Sex in the couple: why women still force themselves
Frenchto
The Silent Burden: Why Many Women Still Feel Compelled in Couple's Intimacy.
Behind closed doors, intimacy within couples often hides a complex and rarely voiced struggle: many women continue to engage in sexual relations with their partners despite lacking genuine desire. This gray area of consent emerges from a tangle of emotions and social expectations, a mixture of fatigue, fear of disappointing a loved one, and difficulty in asserting personal boundaries.
Consider the experience of a young mother, exhausted by the demands of family life. She finds herself resisting her partner's advances, her body yearning only for a few hours of rest. Even as she voices her fatigue, her partner's gentle persistence and subsequent disappointment create a silent tension.

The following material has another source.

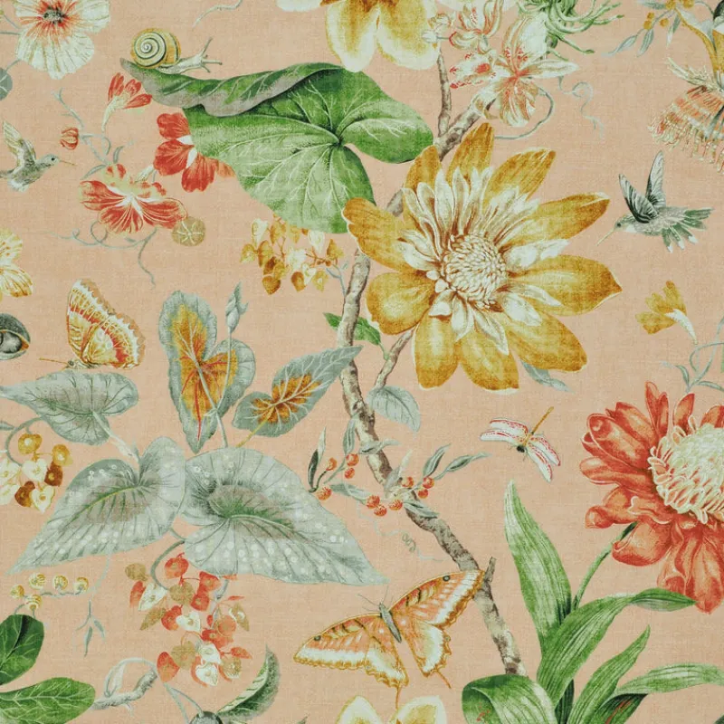 Tropical Pavilion Blush by P/Kaufmann featuring a bold tropical floral print with whimsical creatures like butterflies, snails, and hummingbirds, this cotton fabric adds a touch of daring to any project

The unspoken pressure becomes a turning point—she begins to acquiesce, not out of desire, but out of an unarticulated sense of duty or to avoid conflict.
This scenario is not isolated. Many women internalize the idea that fulfilling their partner's needs is a part of their role, even when their own desires are absent. The act of refusing, or even recognizing the absence of their own desire, can feel daunting. The fear of hurting the other, disrupting harmony, or being perceived as lacking in affection leads to a quiet compliance that rarely gets addressed openly.
Thus, the dance of intimacy becomes fraught with compromise, shaped by emotional fatigue, unspoken rules, and an inherited sense of obligation. Within the relationship, silence often prevails over honest conversation about needs and boundaries. This unspoken burden weighs heavily, revealing the persistent challenges women face in asserting their own desires and redefining what true consent means within a committed partnership.